**Directions for this task**
Without including any pictures, reproduce the full listing exactly.

**Data segment**

▬▬▬▬▬▬

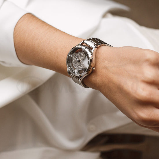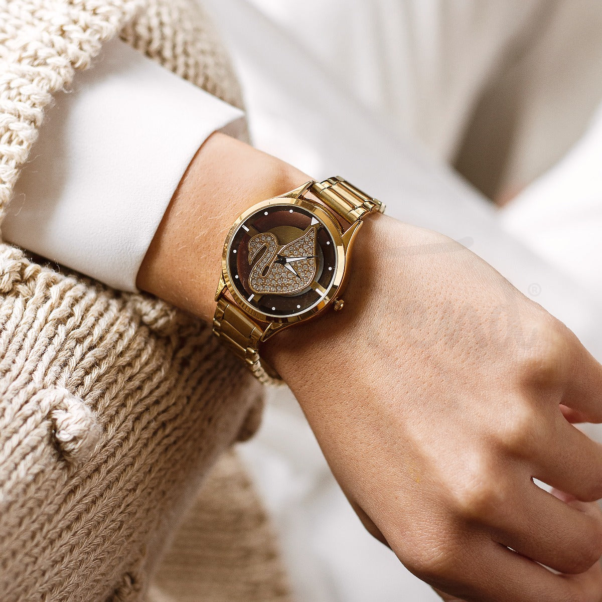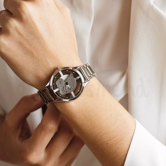 O Relógio Swan é um modelo extravagante e único. Com um mostrador transparente com um cisne giratório, o mesmo se movimenta conforme o movimento do seu pulso. Composto por uma bracelete em aço ajustável por elos.
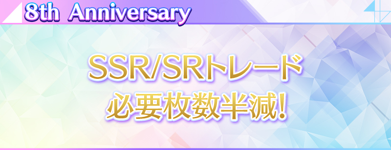 上記期間中、SSR/SRトレードに必要な素材カードの枚数が半分になります!
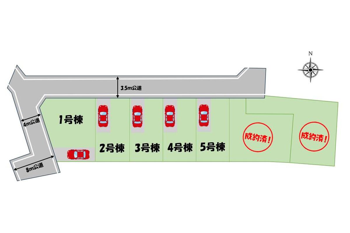 | 駐車場 | 1台 | 道路の幅員 | 道路幅:3.5m・4m、アスファルト舗装、西側4m公道、北側3.5m公道 |
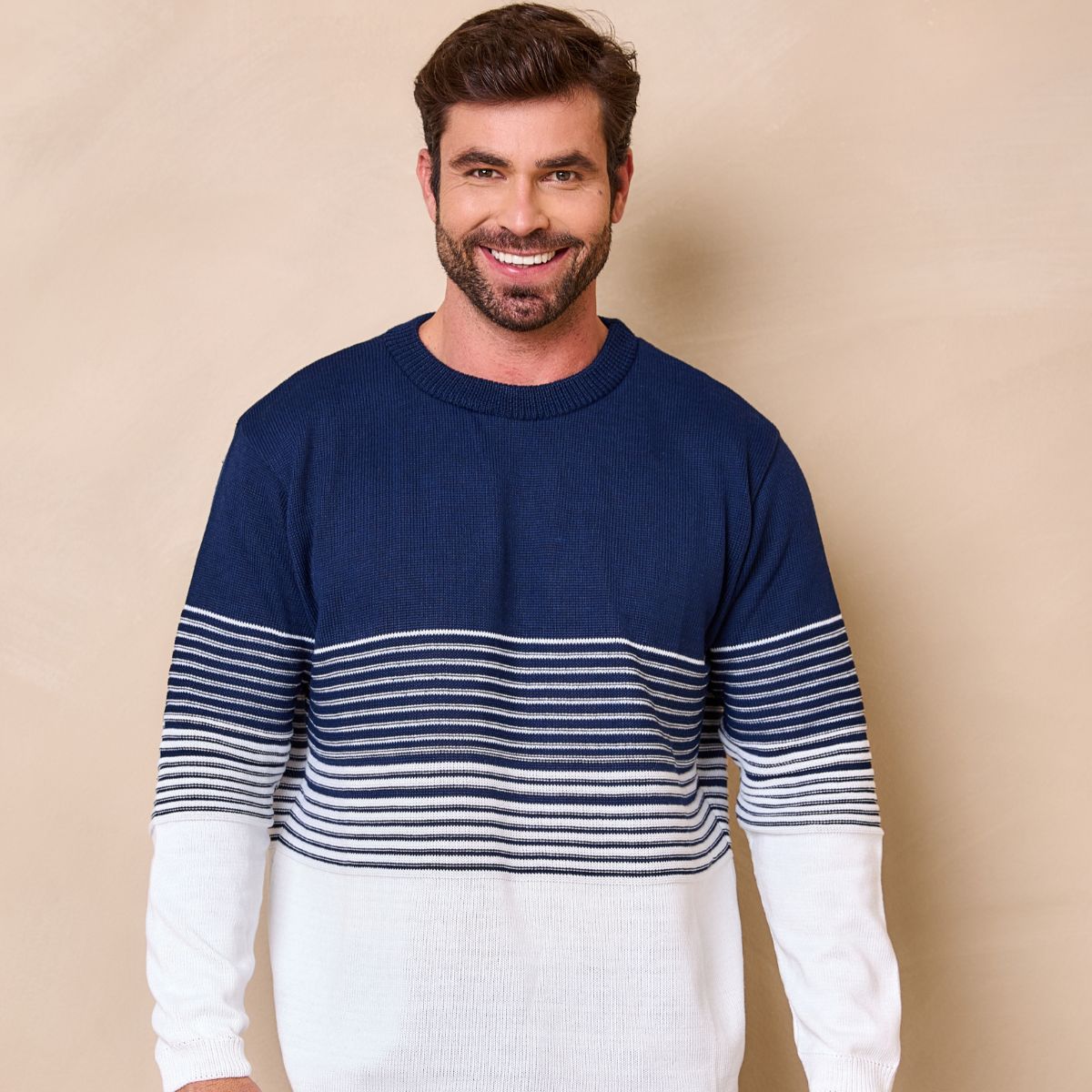 Aposte no estilo e conforto com este suéter masculino tricolor em tricô. Com design moderno, a peça apresenta a parte superior em azul marinho, faixa central com listras horizontais. Ideal para dias amenos, o suéter combina facilmente com calças jeans ou de sarja para compor looks casuais e elegantes.

▬▬▬▬▬▬

**Response**
 O Relógio Swan é um modelo extravagante e único. Com um mostrador transparente com um cisne giratório, o mesmo se movimenta conforme o movimento do seu pulso. Composto por uma bracelete em aço ajustável por elos.
 上記期間中、SSR/SRトレードに必要な素材カードの枚数が半分になります!
 | 駐車場 | 1台 | 道路の幅員 | 道路幅:3.5m・4m、アスファルト舗装、西側4m公道、北側3.5m公道 |
 Aposte no estilo e conforto com este suéter masculino tricolor em tricô. Com design moderno, a peça apresenta a parte superior em azul marinho, faixa central com listras horizontais. Ideal para dias amenos, o suéter combina facilmente com calças jeans ou de sarja para compor looks casuais e elegantes.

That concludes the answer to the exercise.